# Cloning from 1TB to 2TB hard drive



## Sanhime (May 8, 2012)

Whats a good free imaging/cloning program?  I have a 1TB hard drive with Win7 and I want to seamlessly migrate my stuff to a 2TB hard drive.  Any suggestions?


----------



## sneekypeet (May 8, 2012)

Usually visiting the manufacturers site of the drive will produce a software for their drives.

like Seatools is for Seagate, and WD has a version of Acronis.
Standalone, I think its Acronis Easy Migrate (or is it Migrate Easy) that will clone one to the other.


----------



## 95Viper (May 8, 2012)

How to upgrade hard disk to a larger one without reinstalling operating system and applications?
Disk clone: upgrade disk or transfer data


This: EaseUS® Todo Backup Free 4.5; or, this: EaseUS Disk Copy Home Free

Or, you can use this from Western Digital: Acronis True Image WD Edition Software


----------



## TSX420J (May 11, 2012)

Sanhime said:


> Whats a good free imaging/cloning program?  I have a 1TB hard drive with Win7 and I want to seamlessly migrate my stuff to a 2TB hard drive.  Any suggestions?



In the search on the start menu type backup. There will be one option that says "backup computer" click on it. Then on the left you can click on create system image. That will make a clone of your current state of your hdd. I use it all the time. You will need another hdd to save the image. Then you can write the image to any hdd and have everything the way it was when you made the image. It's a nice feature in 7.


----------



## Aquinus (May 11, 2012)

TSX420J said:


> In the search on the start menu type backup. There will be one option that says "backup computer" click on it. Then on the left you can click on create system image. That will make a clone of your current state of your hdd. I use it all the time. You will need another hdd to save the image. Then you can write the image to any hdd and have everything the way it was when you made the image. It's a nice feature in 7.



As an Administrator who has used Windows servers (and hated them I might add,) I would never rely on Windows backup.

If you want a *complete* backup, I would use an Ubuntu live CD and use dd to copy the drive to an image then use something like zip or tar/gzip to compress it.
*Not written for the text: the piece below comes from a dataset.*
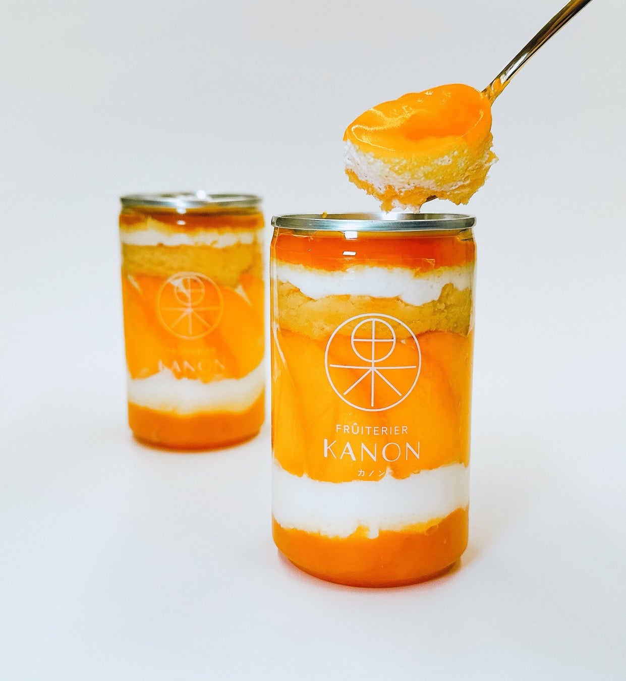 〈フリュテリーカノン〉フルーツCan プリン&ケーキ(マンゴー) 1個810円

I searched google real quick, maybe something like this is what you're looking for? Honestly, this is what I would do.

http://www.howtogeek.com/howto/19446/make-a-drive-image-using-an-ubuntu-live-cd/


----------



## lyndonguitar (May 20, 2012)

Sanhime said:


> Whats a good free imaging/cloning program?  I have a 1TB hard drive with Win7 and I want to seamlessly migrate my stuff to a 2TB hard drive.  Any suggestions?



Hello, Migrating a 1TB Hard Drive to a 2TB HDD is very possible.

My Rig started out on just 160GB, when I upgraded HDDs, I cloned my 160 GB into a newly bought 500GB HDD. (it was an OS HDD)

Then on the next HDD upgrade(I bought a 1 TB) I cloned that 500GB to a 1 TB HDD.

No problems at all.

From what I can remember the program I used was Acronis?? I forgot. But it ran the cloning process outside of windows. the cloning took like 30 to 1 hr. then I switched drive letters and the newly bought HDD is now my boot device.


----------



## kenkickr (May 20, 2012)

If you install either Acronis True Image WD Edition or Seagate's Discwizard but one of the drives being imaged has to be in the loop of the drives your imaging or imaging to.  You can either do the clone through windows or make a bootable disc and run the clone off the disc.


----------



## Widjaja (May 20, 2012)

As mentioned, if you have two HDDs of the same brand, the company will have supporting cloning software for them for free.

Otherwise you are looking at payware Acronis True Image Home or Norton Ghost.

The other option is to make a windows easy backup, install windows on to the new HDD and then transfer using the easy backup wizard.


----------



## JrRacinFan (May 20, 2012)

95Viper said:


> This: EaseUS® Todo Backup Free 4.5



I used this on my brother's laptop. Very easy straight forward and worked wonders!


----------



## Aquinus (May 20, 2012)

I like how everyone is ignoring the linux option. Since Linux already has all the tools to do what you want it to do and there a number of LiveCDs and you don't have to pay a thing for it. Also it gets you better at *nix and bash, so the only con to doing it this way is that you have to learn something or follow some instructions.

Honestly, if you want something done correctly, you do it yourself.


----------



## scoutingwraith (May 20, 2012)

95Viper said:


> How to upgrade hard disk to a larger one without reinstalling operating system and applications?
> Disk clone: upgrade disk or transfer data
> 
> 
> ...



I can vouch for this one as well. I copied my whole laptop hard drive (in sig) without any problems.


----------



## Jstn7477 (May 21, 2012)

I've used Clonezilla (live CD) and it's great as long as you know exactly what you are doing. Recently moved my dad's Windows 7 install from a 36GB Raptor to a 250GB Seagate, then went in Windows and expanded the partition to the full 250GB.


----------



## AsRock (May 21, 2012)

I have always used Acronis ( WD's version ) and it's yet to fail me and it's easy to use as well.


----------